The central complex of the university

The campus was designated a World Heritage Site in 2000. It was designated under cultural criteria for being a masterpiece of architecture and urban planning on the part of Villanueva, being an outstanding example of practical and aesthetic architecture, and for being exemplary of early 20th Century movements art and architecture, and demonstrating their ideals. UNESCO describes it specifically as "an outstanding example of the Modern Movement in architecture" and adds that "[t]he university campus integrates the large number of buildings and functions into a clearly articulated ensemble, including masterpieces of modern architecture and visual arts, such as the Aula Magna with the "Clouds" of Alexander Calder, the Olympic Stadium, and the Covered Plaza." The site did not have an associated retrospective Statement of Outstanding Universal Value in 2000 when it was inscribed, with one drafted by the Venezuelan state approved in 2013.

Though acknowledging that the integrity of the site is maintained in the architectural principles of Villanueva and the overall spirit of the design, the WHS program has concerns that the reinforced concrete of the structures — something that identifies the campus with architectural advances of its time — has deteriorated in the years since construction; that being prone to social unrest could provoke damage to the site; that soil erosion poses a threat to the space; and that massive student expansion opens the campus up to more deterioration and destruction, as do works undertaken to partition and reassign spaces of the campus without consideration of the architecture the works can change design and significance of, deteriorating the combined ensemble of the entire campus and working against the spirit of Villanueva's project. However, UNESCO adds that no works have compromised the authenticity or the value of the campus.

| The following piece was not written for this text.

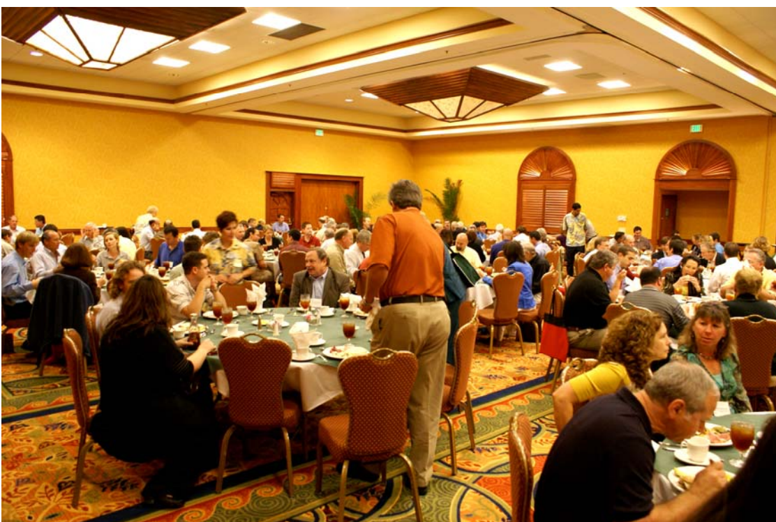
Conference Attendees enjoy the tasty buffet luncheon sponsored by the St. Petersburg/Clearwater Area Convention and Visitors Bureau

There are bodies with the purpose of creating plans to protect the site, but UNESCO reports that these are disjointed and do not work together, advising that the Cultural Heritage Institute right down to COPRED — the university's Consejo de Preservación y Desarrollo (Council of Preservation and Development) — and the separate management interface of the Jardín Botánico, as well as the regional offices of Venezuela responsible for the area at different levels of government, need to coordinate. It was also recommended that a buffer zone be initiated to the south and west of the site to protect from urban developments threatening the site.